What is expected:
Give back every record below in full and exactly, but without a single image.

Records excerpted from a collection
== Segment start ==
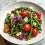 This Green Bean Farro Picnic Salad is a refreshing and nutritious dish perfect for summer gatherings or light lunches. Featuring tender farro, crisp green beans, juicy cherry tomatoes, and tangy feta cheese, all tossed in a zesty lemon-olive oil dressing, it combines wholesome ingredients with vibrant flavors and satisfying textures.
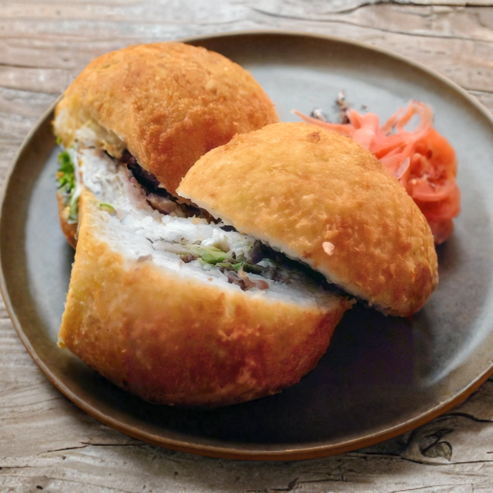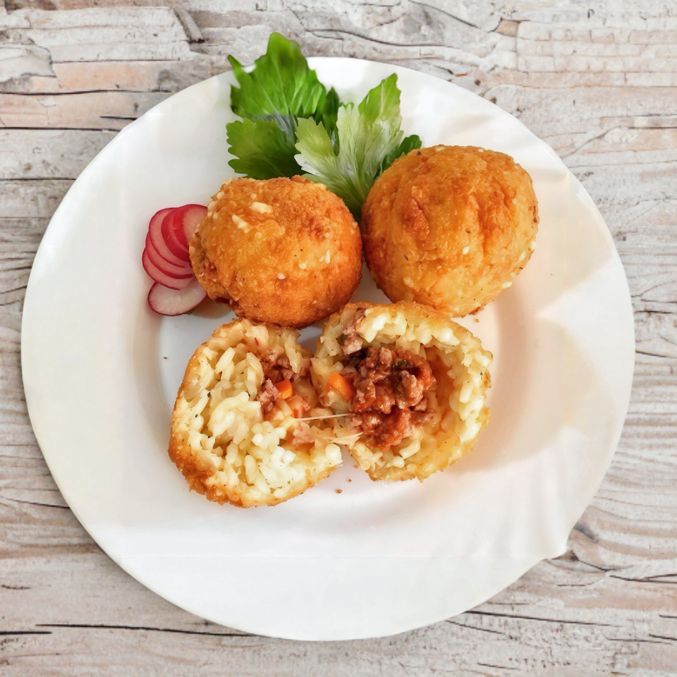 Bola de arroz empanizada rellena de aguacate, queso crema y pepino.
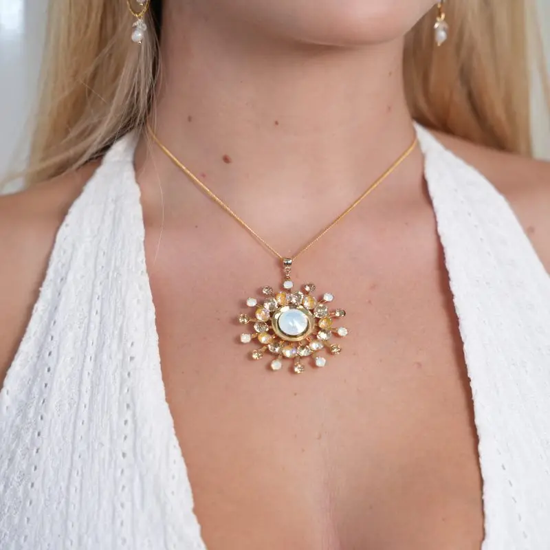 אורך השרשרת כולה 39 ס”מ + 5 ס”מ הארכה. אורך התליון 5.5 ס”מ. קוטר השמש 4.5 ס”מ.
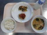 〈献立〉 ○雑穀ごはん ○牛乳 ○肉じゃがうま煮 ○ほうれんそうの乾物あえ ○く...
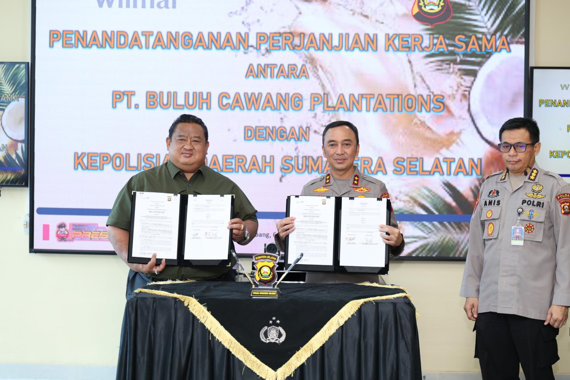 PALEMBANG, IN — Kapolda Sumatera Selatan Irjen Pol Dr. Sandi Nugroho, S.I.K., S.H., M.Hum. memimpin langsung penandatanganan perjanjian kerja sama antara Polda Sumsel dan PT Buluh Cawang Plantations, Kamis (6/3/2025) di Ruang Video Conference Gedung Presisi Polda Sumsel, Palembang.
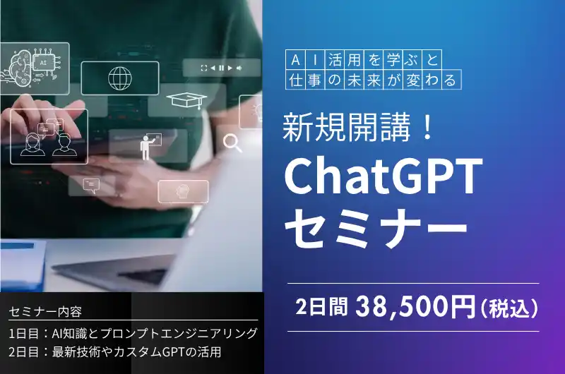 この度、ChatGPT未経験の方やAIの知識がない方でも安心して学べる「ChatGPTセミナー」を開講いたしました。 |
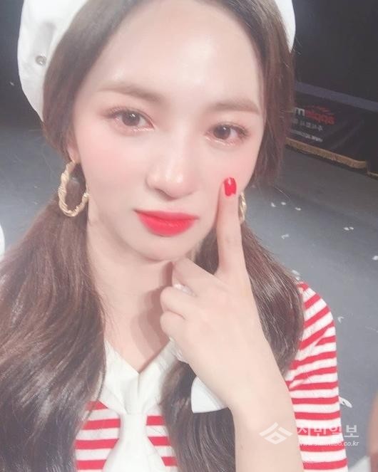공개된 사진 속 지원은 눈물을 흘려 빨개진 눈을 가리키고 있는 모습이 담겨있다. 마린걸 컨셉으로 발랄함을 더하고 있는 지원의 모습이 상큼함을 자아낸다.
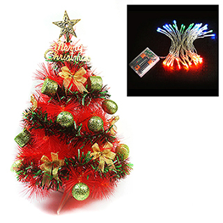 【聖誕裝飾品特賣】臺灣製2尺(60cm 特級紅色松針葉聖誕樹-紅綠金配件+50燈LED電池燈-弗m光)
== Segment end ==
Expected answer:
 This Green Bean Farro Picnic Salad is a refreshing and nutritious dish perfect for summer gatherings or light lunches. Featuring tender farro, crisp green beans, juicy cherry tomatoes, and tangy feta cheese, all tossed in a zesty lemon-olive oil dressing, it combines wholesome ingredients with vibrant flavors and satisfying textures.
 Bola de arroz empanizada rellena de aguacate, queso crema y pepino.
 אורך השרשרת כולה 39 ס”מ + 5 ס”מ הארכה. אורך התליון 5.5 ס”מ. קוטר השמש 4.5 ס”מ.
 〈献立〉 ○雑穀ごはん ○牛乳 ○肉じゃがうま煮 ○ほうれんそうの乾物あえ ○く...
 PALEMBANG, IN — Kapolda Sumatera Selatan Irjen Pol Dr. Sandi Nugroho, S.I.K., S.H., M.Hum. memimpin langsung penandatanganan perjanjian kerja sama antara Polda Sumsel dan PT Buluh Cawang Plantations, Kamis (6/3/2025) di Ruang Video Conference Gedung Presisi Polda Sumsel, Palembang.
 この度、ChatGPT未経験の方やAIの知識がない方でも安心して学べる「ChatGPTセミナー」を開講いたしました。 |
공개된 사진 속 지원은 눈물을 흘려 빨개진 눈을 가리키고 있는 모습이 담겨있다. 마린걸 컨셉으로 발랄함을 더하고 있는 지원의 모습이 상큼함을 자아낸다.
 【聖誕裝飾品特賣】臺灣製2尺(60cm 特級紅色松針葉聖誕樹-紅綠金配件+50燈LED電池燈-弗m光)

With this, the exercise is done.